Using the listing below, print exactly everything from the line with "一整排架子上都是裝了果乾的玻璃罐…好壯觀" down to the line with "Für das Badezimmer", both included, and nothing more.

Given information:
######
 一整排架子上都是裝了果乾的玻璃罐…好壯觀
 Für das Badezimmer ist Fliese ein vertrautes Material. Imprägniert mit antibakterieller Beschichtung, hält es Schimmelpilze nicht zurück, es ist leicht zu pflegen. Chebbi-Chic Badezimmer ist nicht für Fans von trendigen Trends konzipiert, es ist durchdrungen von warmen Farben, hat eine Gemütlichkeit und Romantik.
######
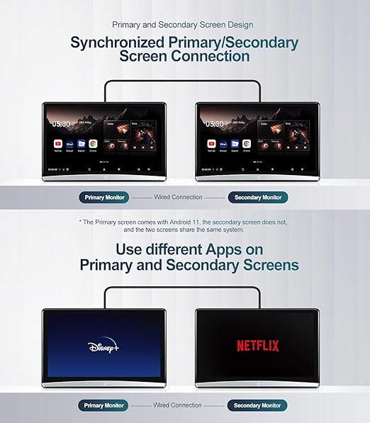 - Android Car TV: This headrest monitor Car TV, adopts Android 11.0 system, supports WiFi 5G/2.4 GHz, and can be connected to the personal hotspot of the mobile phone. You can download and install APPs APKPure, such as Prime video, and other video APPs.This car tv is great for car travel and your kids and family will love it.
######
Expected output:
 一整排架子上都是裝了果乾的玻璃罐…好壯觀
 Für das Badezimmer ist Fliese ein vertrautes Material. Imprägniert mit antibakterieller Beschichtung, hält es Schimmelpilze nicht zurück, es ist leicht zu pflegen. Chebbi-Chic Badezimmer ist nicht für Fans von trendigen Trends konzipiert, es ist durchdrungen von warmen Farben, hat eine Gemütlichkeit und Romantik.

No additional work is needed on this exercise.